Many traders tend to focus on individual price bars or signals when analyzing the market, instead of looking at the bigger picture and understanding the story that the market is telling through its price movements. The key to successful trading lies in being able to read the market’s “emotion” and overall narrative through price action analysis.
In this post, we will lay out some guidelines that will help you build your trading account and that will remove a lot of the “mystery” of what it takes to start growing your trading account.
Price action tells the “story” of the market
Price action reflects the emotional behavior of market participants, and it also has its own unique “personality” and characteristics that vary between different markets. To become a skilled trader, you must learn to read and interpret the story that price action is conveying.
Regularly monitoring the market’s price action is crucial to staying in tune with the market’s narrative and anticipating future events. It’s important to strike a balance between analyzing the market enough to gain insight and not over-analyzing it. By consistently reading the market, even if it’s just a few minutes each day, traders can increase their chances of long-term profitability and master their trading strategies.
Journal to Understand and Follow the Market’s Narrative
Staying up-to-date with the market’s movements is crucial for understanding the story it’s trying to convey and staying in sync with it. One of the most effective ways to “map” the market’s story is through daily journaling, which can help traders gain a comprehensive understanding of the market’s trends, signals, and key levels. This exercise can also enhance market intuition and gut feel, enabling traders to “feel” the market on a daily basis.
To start journaling, traders should record their thoughts and notes on each pair or market they trade, including the daily chart trend direction, key levels, and signals. Journaling can be initiated with a simple pad of paper and a pencil, where traders can jot down the date and make brief notes on the market’s movements each day. By making the process of keeping up with the market’s story a daily habit, traders can get in touch with what’s happening in the market and be better prepared to anticipate potential entry signals.
After recording their notes, traders can stay informed on the market’s movements and key levels, enabling them to be prepared and preemptive. Following the market each day and staying in tune with its narrative through price action analysis is the key to becoming a successful trader. With a consistent routine, journaling and staying in touch with the market’s story can take as little as 10 to 20 minutes per day.
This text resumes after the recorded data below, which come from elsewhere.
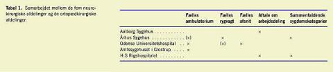 Der er store forskelle mellem organisationen af rygkirurgien på de fem neurokirurgiske afdelinger i Danmark (Tabel 1). På Århus Sygehus har man gennem mere end ti år haft en fælles neurokirurgisk/ortopædkirurgisk rygvagt. På Odense Universitetshospital er der i efteråret 2004 etableret et fælles neurokirurgisk/ortopædkirugisk-rygkirurgisk afsnit, og man er ved at opbygge en fælles rygkirurgisk vagtordning. På H:S Rigshopitalet, Amtssygehuset i Glostrup og Aalborg Sygehus er der ikke etableret rygkirurgiske beredskaber.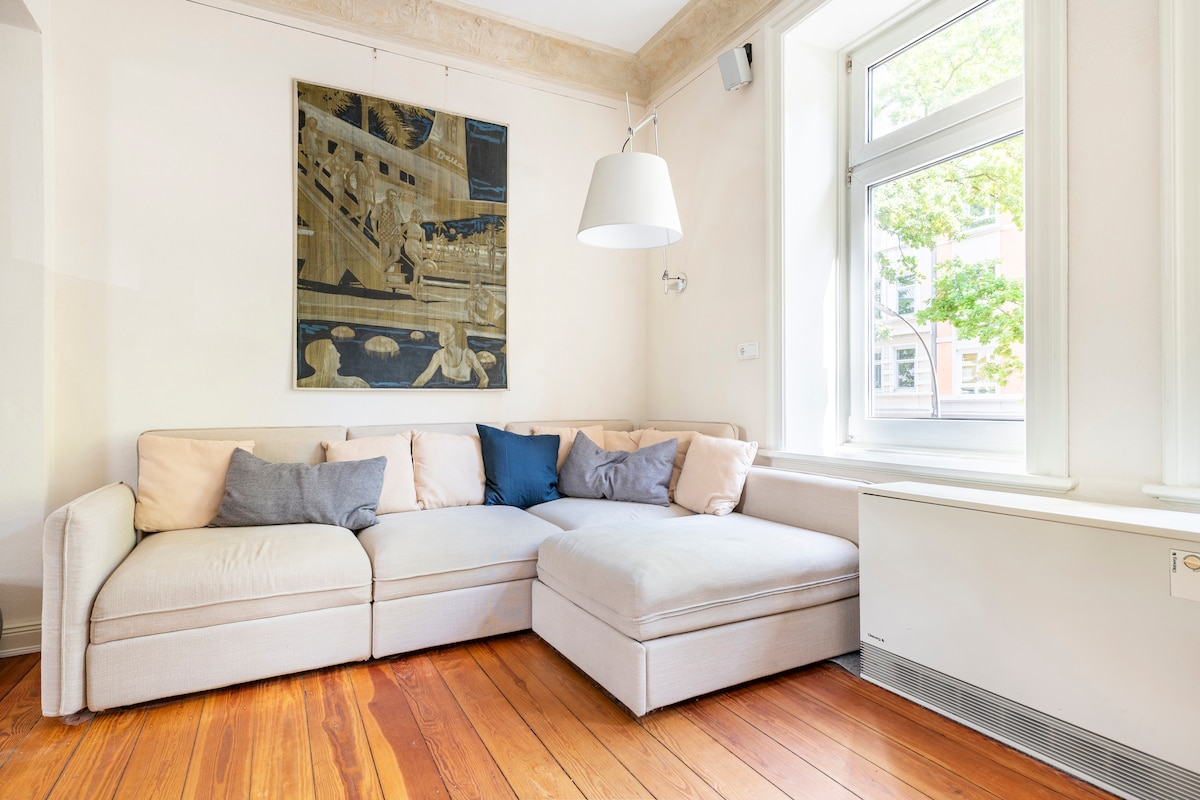 Apartamento individual de construcción antigua en la planta baja, de más de 120 metros cuadrados y reformado con cariño en las inmediaciones del Alster. Muy céntrico y fácil de llegar en autobús y tren. Estación de carga e-charging frente a la puerta. Punto de carga 4144/ 4145 22kW AC Socket Tipo-2, Stromnetz Hamburg GmbH . Restaurantes, cafeterías y muchas tiendas a poca distancia a pie.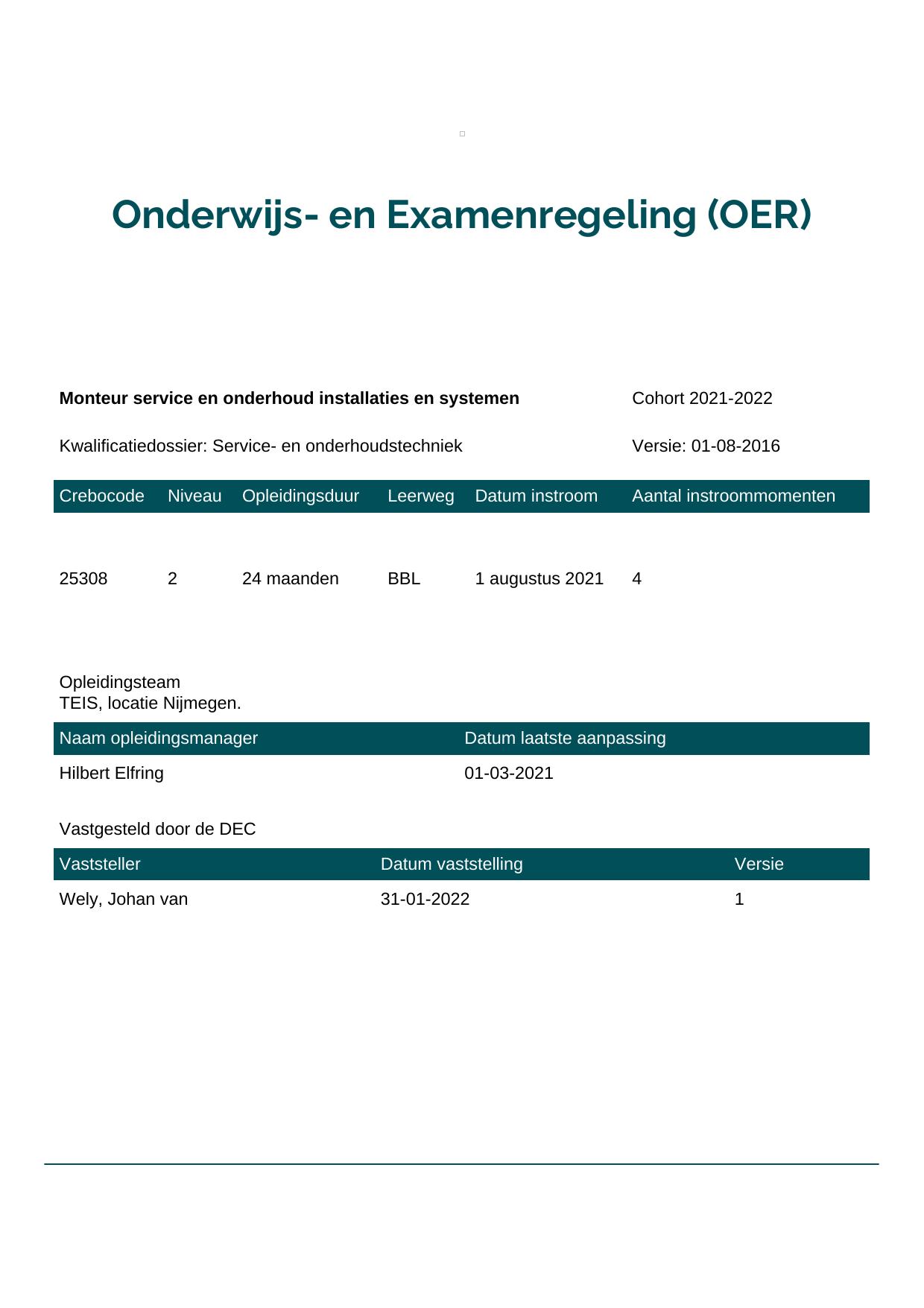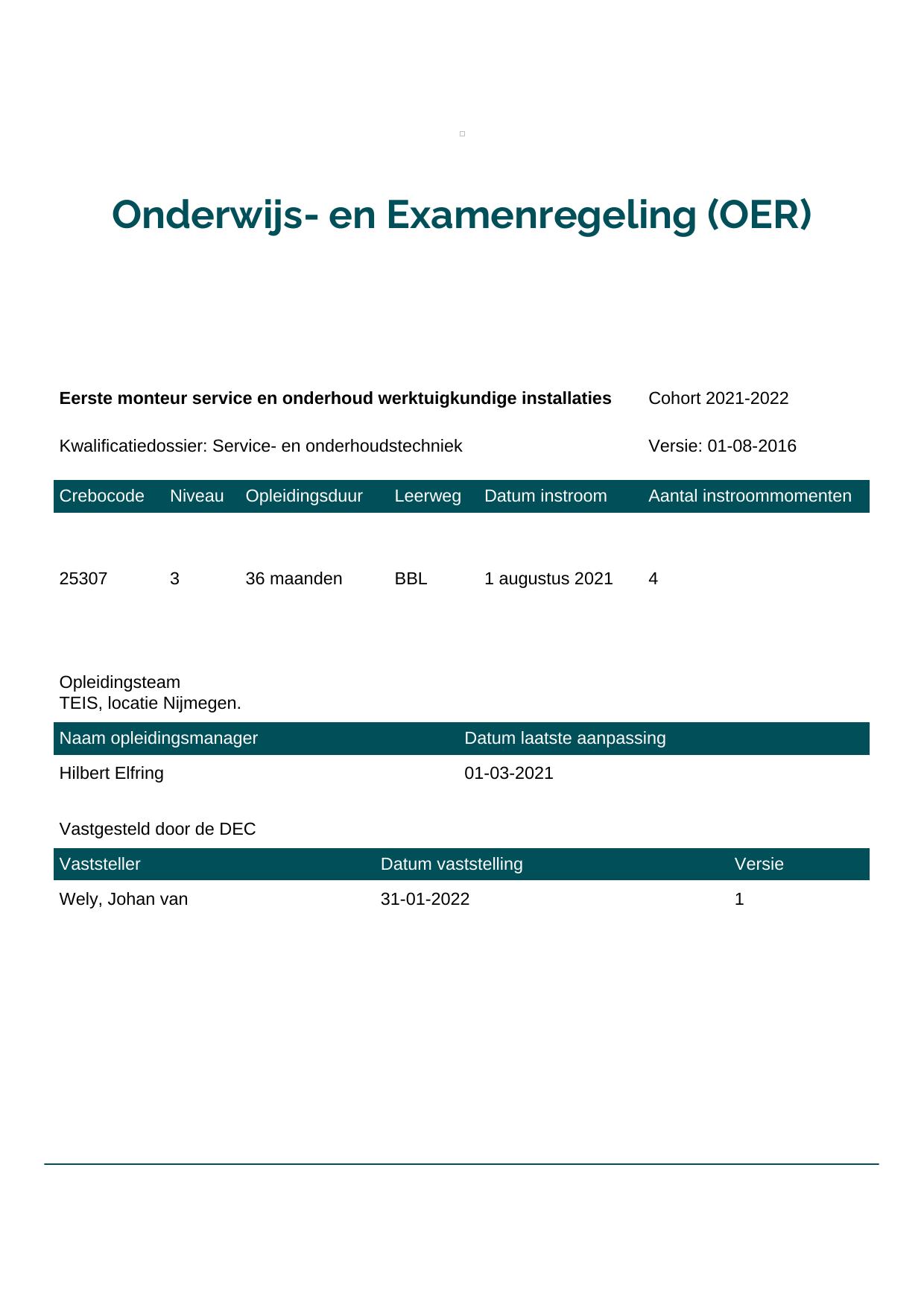 Monteur service en onderhoud installaties en systemen 25308BBL-NYM in cohort 2021-2022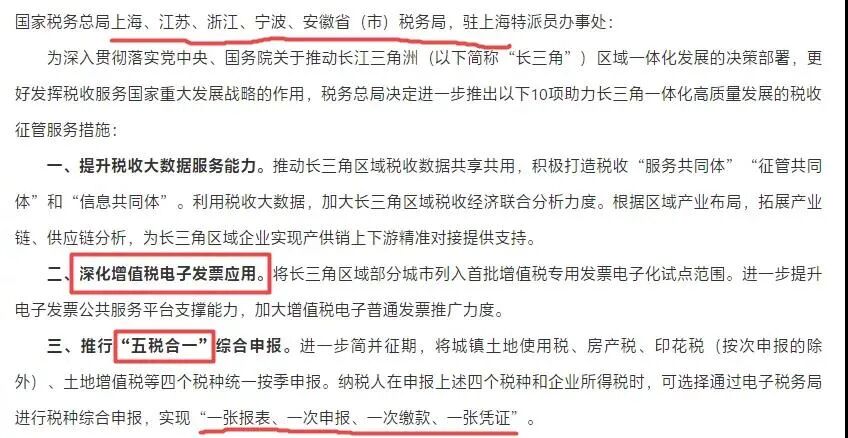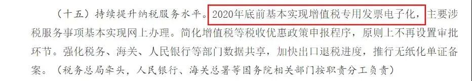 其中明确提到:2020年底前基本实现增值税专用发票电子化,主要涉税服务事项基本实现网上办理。简化增值税等税收优惠政策申报程序,原则上不再设置审批环节。强化税务、海关、人民银行等部门数据共享,加快出口退税进度,推行无纸化单证备案。(税务总局牵头,人民银行、海关总署等国务院相关部门按职责分工负责)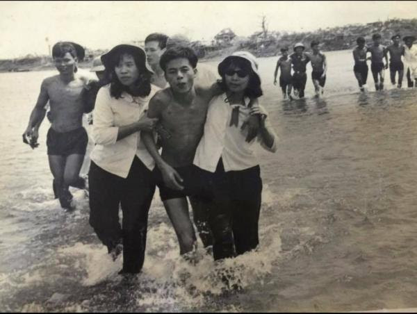 Nhà thơ Xuân Quỳnh (phải) ở sông Thạch Hãn, Quảng Trị (ảnh tư liệu do nhà văn Thu Huệ cung cấp)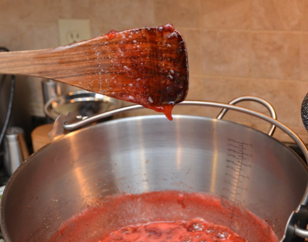 If you have a trusty wooden spoon, use that when you make jam. A great way to tell if your jam is at a set-point is if it sheets, rather than rains, off the back of the wooden spoon. A stainless, plastic or silicone implement will not work for the sheet versus rain test.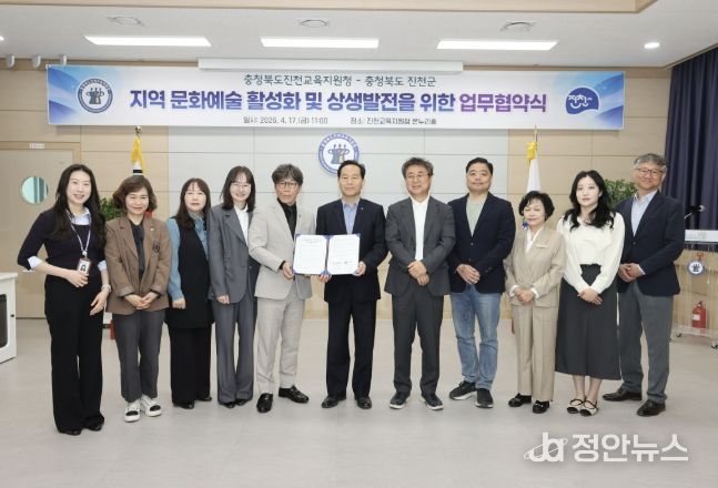 정안뉴스 안정주 기자 | 충북 진천군과 진천교육지원청은 17일 진천교육지원청 온누리홀에서 ‘지역 문화예술 활성화와 상생발전’을 위한 업무협약을 체결했다고 밝혔다.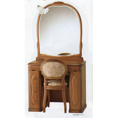 どっしりとしたバランスの取れたデザインです。前面は無垢材ならではの、丸みとボリュームのある彫刻が、高級感を増します。左袖にはたっぷり収納出来る高級桐材の3段引出し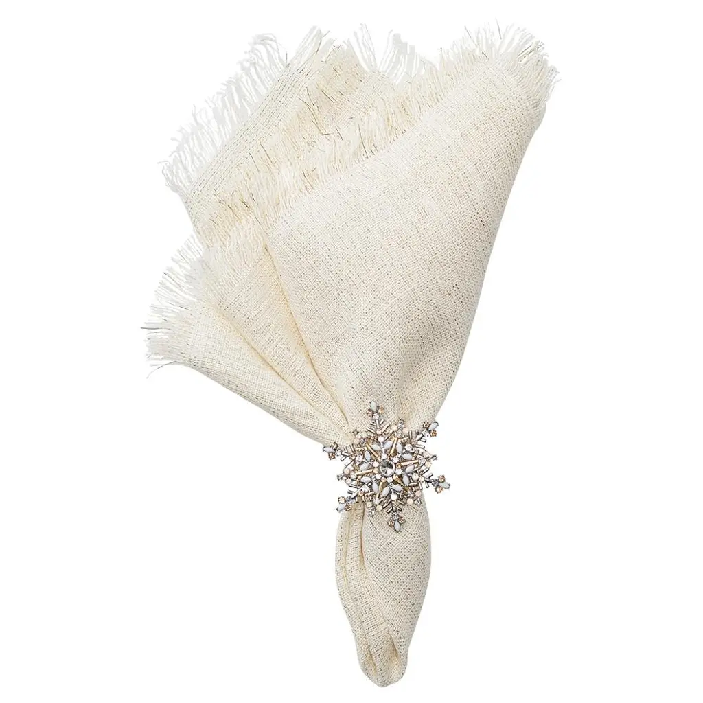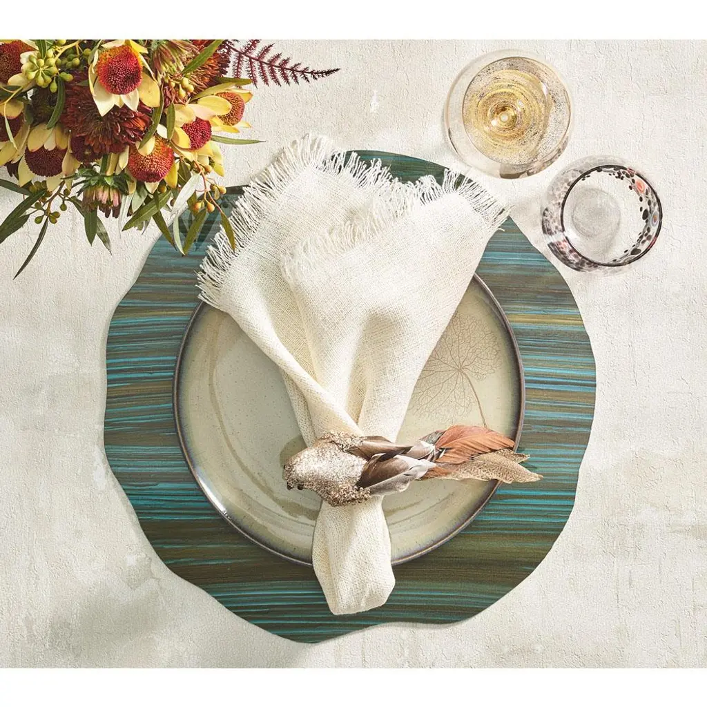 Sarah Fringe Coastal Beach White Linen Napkin - Set Of 4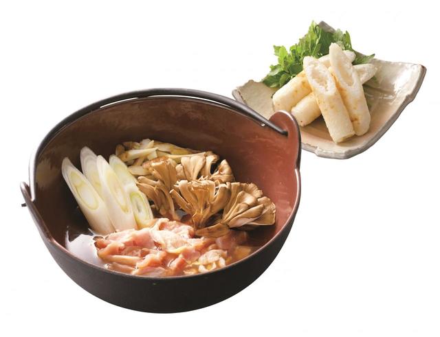 秋田県のご当地鍋。「きりたんぽ」とは、つぶしたうるち米を棒に巻いて焼いた筒状のもので、秋田県の郷土料理の一つ。比内地鶏スープで、鶏肉やせり、ささがきゴボウと一緒に楽しめます。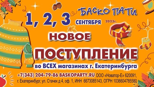 1, 2, 3 сентября НОВОЕ ПОСТУПЛЕНИЕ! Во ВСЕХ магазинах г. Екатеринбурга, г. Челябинск, Свердловский проспект, 14, г. Пермь, Н. Островского, 60.  #НОВОЕПОСТУПЛЕНИЕ_БАСКОПАТИ #ОсеньБаскоПати Приятных и ярких покупок!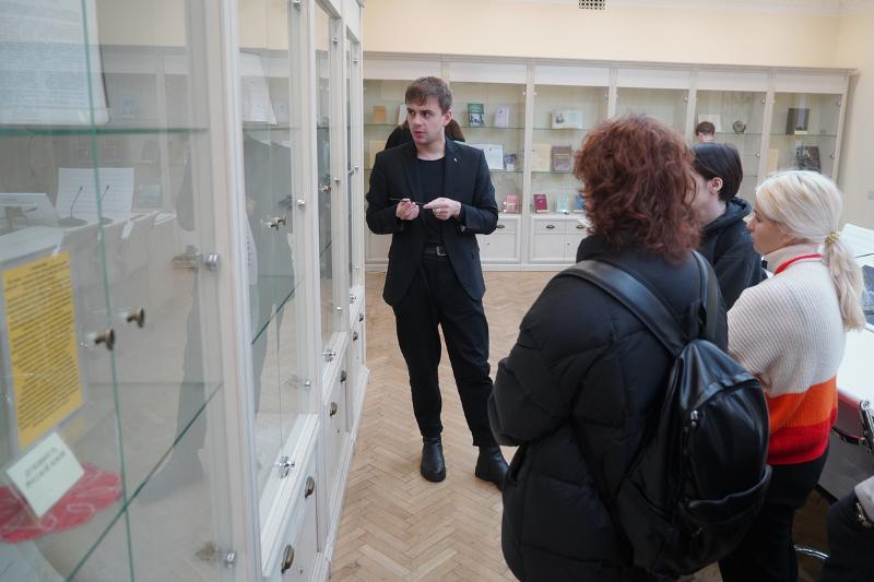 30 ноября 2023 года в Белом зале главного корпуса ВГУ прошла тематическая экскурсия для студентов 1 курса филологического факультета направления «Библиотечно-информационная деятельность» по книжно-иллюстративной выставке «Святитель Митрофан: Воронежский чудотворец». Выставка посвящена 400-летию со дня рождения святителя Митрофана, первого Воронежского епископа.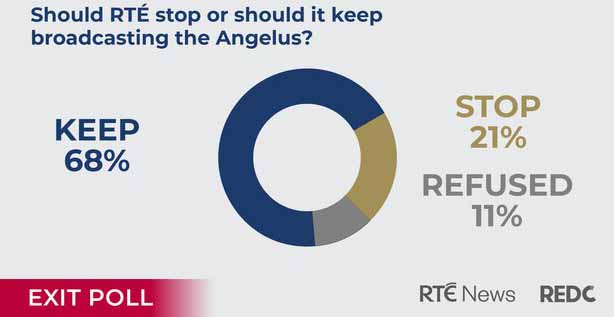 ഡബ്ലിന്: റേഡിയോ ടെലിഫിസ് ഐറന് അഥവാ ആർടിഇ ദേശീയ മാധ്യമത്തിൽ ദിനംപ്രതി സംപ്രേക്ഷണം ചെയ്യുന്ന പ്രാർത്ഥന അവസാനിപ്പിക്കരുതെന്ന് അയർലണ്ടിലെ ജനങ്ങൾക്കിടയിൽ നടത്തിയ എക്സിറ്റ് പോൾ ഫലം. എക്സിറ്റ് പോളിൽ പങ്കെടുത്ത മൂന്നിൽ രണ്ട് ആളുകളും ആഞ്ചലസ് അഥവാ 'കര്ത്താവിന്റെ മാലാഖ' എന്ന കത്തോലിക്ക സഭയുടെ പരമ്പരാഗത പ്രാർത്ഥനാ ക്രമം നിലനിർത്തണം എന്നു ആവശ്യപ്പെട്ടു. എക്സിറ്റ് പോളിൽ പങ്കെടുത്ത അറുപത്തിയെട്ടു ശതമാനം ആളുകളും ആഞ്ചലസ് പ്രാർത്ഥനാ ക്രമം തുടരണം എന്നു അഭിപ്രായപ്പെട്ടു. വെറും ഇരുപത്തിയൊന്നു ശതമാനം ആളുകൾ മാത്രമാണ് ആഞ്ചലസ് പ്രാർത്ഥന ദേശീയ മാധ്യമത്തിൽ സംപ്രേക്ഷണം ചെയ്യരുതെന്ന് അഭിപ്രായപ്പെട്ടത്.

Developing Trading Intuition Through Anticipation
Maintaining a daily market journal or commentary can help traders become more anticipatory in their approach. By documenting recent market movements and speculating on what might happen next, traders can cultivate an inner-dialogue about the market that can enhance their trading intuition and ability to make gut decisions.
For example, after recording key market trends and levels, traders can anticipate a price action signal that aligns with their market bias. This is similar to a sniper picking a strategic location and waiting for their target to come into view. By regularly analyzing the market in this way, traders can gain a deeper understanding of the market’s personality and develop a sense of anticipation that sets them apart from other traders who lack preparation and discipline.
By keeping a daily market diary, traders can immerse themselves in the markets they trade and develop a heightened awareness of the emotional context of price movements. Ultimately, this can help traders get into the “trading zone” and make more informed and profitable trading decisions.
See the “forest for the trees”
Understanding the bigger picture in the market is crucial to successful trading. Focusing too much on one price action signal or bar can be misleading. To avoid this, it is important to consider the overall market context in which the setup is forming. By maintaining a consistent journal or diary of your preferred markets, you can easily recognize the market bias and patiently wait for a signal to appear.
In contrast, many traders overlook the significance of non-entry bars. However, every price bar is essential, particularly on higher timeframes like 4-hour or daily charts. Even bars with long tails, which may not be pin bars, indicate exhaustion and a potential reversal. Therefore, it is crucial to note all bars, including those that are not entry signals.
To trade effectively, one must not rely solely on price action signals but also on the surrounding price action. By considering the broader market trends and context, traders can better anticipate the likely direction of future price movements.
Conclusion
Consistently following the market is essential for traders who want to make money. It’s like reading a book; if you don’t keep up with it regularly, you’ll forget what happened before and where you left off. Not staying up-to-date with the market can lead to unpreparedness and loss of money. Therefore, if you take a break from the market, give yourself time to get back into the groove of things before placing live trades.
Most traders don’t view the market as an ongoing story to stay in tune with. Instead, they make impulsive trades without any logical or supported process behind their decisions. On the other hand, journal your favorite markets will help you anticipate signals and develop your “gut” trading feel, intuition, or discretionary trading sense. Once you get into the habit of recording what you see in the market every day, you’ll become like a sniper waiting patiently for the perfect opportunity to strike.